Assignment
Leaving all pictures aside, copy exactly the lines from the start of the listing below through the line that contains "PTCB Exam Practice", and only those lines.

Material provided
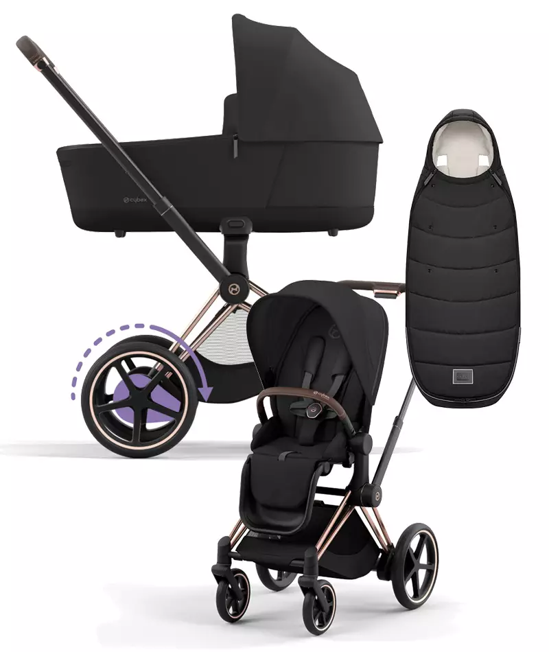 Cybex ePriam 4 lastenvaunut Rosegold-rungolla ja Platinum-lämpöpussi - saat kauniit, laadukkaat lastentarvikkeet samassa paketissa. Tämä paketti sisältää huippuvarustellut yhdistelmävaunut sekä lämpimän ja tyylikkään Cybex Platinum lämpöpussin!
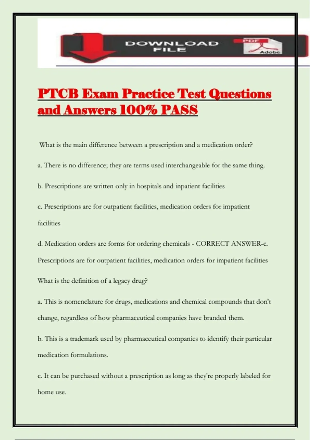 PTCB Exam Practice Test Questions and Answers 100% PASS
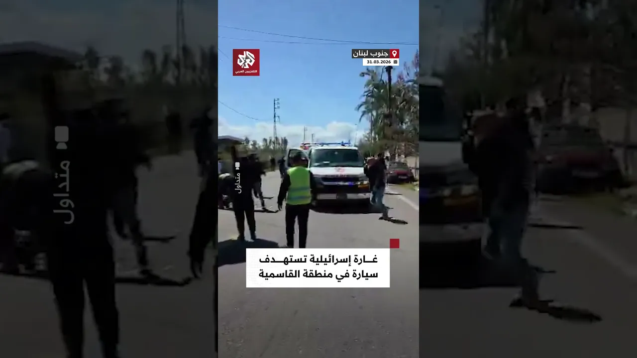 اللحظات الأولى عقب غارة إسرائيلية استهدفت سيارة في منطقة القاسمية جنوب لبنان

Answer to this task
 Cybex ePriam 4 lastenvaunut Rosegold-rungolla ja Platinum-lämpöpussi - saat kauniit, laadukkaat lastentarvikkeet samassa paketissa. Tämä paketti sisältää huippuvarustellut yhdistelmävaunut sekä lämpimän ja tyylikkään Cybex Platinum lämpöpussin!
 PTCB Exam Practice Test Questions and Answers 100% PASS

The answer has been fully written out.